Hallo zusammen,
seit meiner Studienzeit beschäftige ich mich immer wieder mit der Entwicklung des christologischen Dogmas der ersten 5 Jahrhunderte. Insbesondere die für das Dogma in seiner Endgestalt seit Chalcedon 451 konstitutiven Begriffe der „hypostasis“ sowie der „ousia“ habe ich jedoch bis heute für mich nicht zufrieden stellend durchdrungen. Jesus Christus ist demnach die eine Person / Hypostase des ewigen Logos, die in zwei Naturen (göttlich / menschlich) existiert, wobei die beiden Naturen ungetrennt und unvermischt sind.
Vorbelastet durch den modernen Person-Begriff habe ich Mühe, die Inhalte der Begrifflichkeit, so wie sie von den Konzilsvätern der alten Kirche gemeint waren, zu verstehen.
Kürzlich traf ich bei Gerhard L. Müller (Katholische Dogmatik) auf die folgende Definition (S. 342f.):
„Man kann Person/Hypostase auch als Bezeichnung für diejenige metaphysische Realität heranziehen, die das Aktualisierungsprinzip einer Naturallgemeinheit benennt. Gewiss fallen bei allen wirklich existierenden Menschen die metaphysische Aktualität und die empirisch greifbare individuelle geist-leibliche Natur zusammen.
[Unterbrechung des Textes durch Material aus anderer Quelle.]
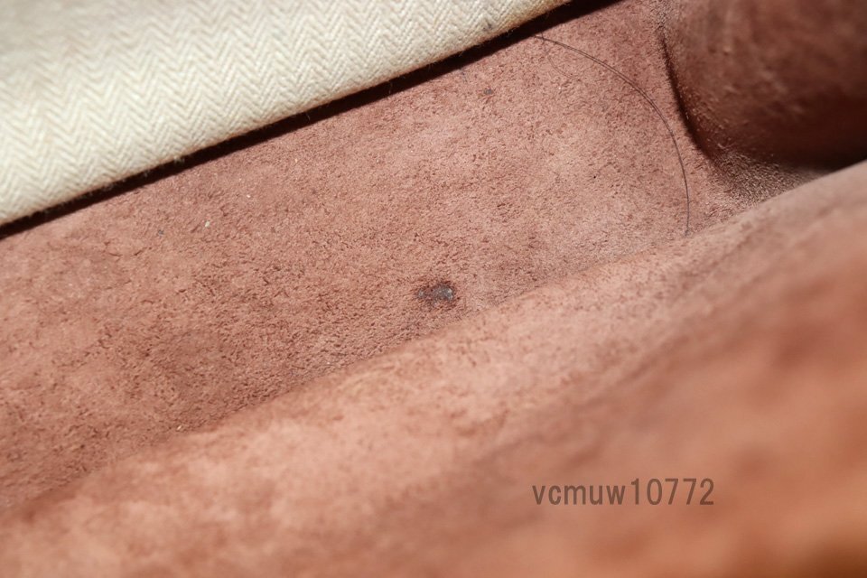 中古ですので新品と比較してすれ、小傷、色むら、若干の型崩れ、使用に問題ないレベルの糸ほつれ、金具にくすみ等ございますが写真の通りコンディション良好です。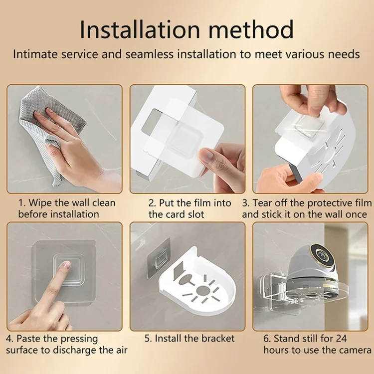 2. Wall-mounted camera bracket, non-marking hole-free, does not hurt the wall, smooth and solid, easy to install

Im alltäglichen Sprachgebrauch sagt man in diesem Sinn, dass jeder Mensch Person sei. Man meint damit die besondere Würde des Menschen. Kaum beachtet wird dabei die Tatsache, dass die Person, insofern sie die Subsistenz einer geist-leiblichen Natur verwirklicht, in der Relationalität zu Gott besteht, der in einem Schöpfungsakt die Person als Träger der geistigen Natur hervorbringt und auf diese Weise immer dem Menschen inexistiert.
In dem unvergleichlichen Geschehen der Menschwerdung Gottes ereignet sich diese Aktualisierung (Hypostasierung…) einer menschlichen Natur nicht durch den allgemeinen Willen Gottes, eine geschaffene Person sich gegenüberzustellen. […] Der Existenzakt, wodurch Gott die menschliche Natur Jesu als individuelle subsistieren lässt, ist dabei identisch mit der Person des Logos, in der das Wesen Gottes relational subsistiert.
Von Seiten der angenommenen menschlichen Natur ist das Einigungsprinzip die Seele. Dies gilt nicht, insofern sie die natureigene Form des Leibes ist, sondern sofern sie durch den existenzverleihenden Selbstmitteilungsakt des Logos subsistiert.“
Für ein Verständnis der Begrifflichkeit würde mir sehr weiterhelfen, wenn ich Beispiele dafür hätte, was bei einem „normalen“ Menschen die Begriffe ‚menschliche Natur‘ (= geist-leibliche?) Natur einerseits und die diese Natur tragende / zur Aktualität bringende ‚Hypostase‘ andererseits umfassen. Was umfassen die beiden Begriffe im Unterschied dazu bei Jesus Christus?
Das Verständnis des christologischen Dogmas scheint mir mit dem Verständnis dieser beiden Begriffe zu stehen oder zu fallen, daher meine zugegebenermaßen etwas spezielle Frage.
Falls mir jemand helfen kann, wäre ich sehr dankbar.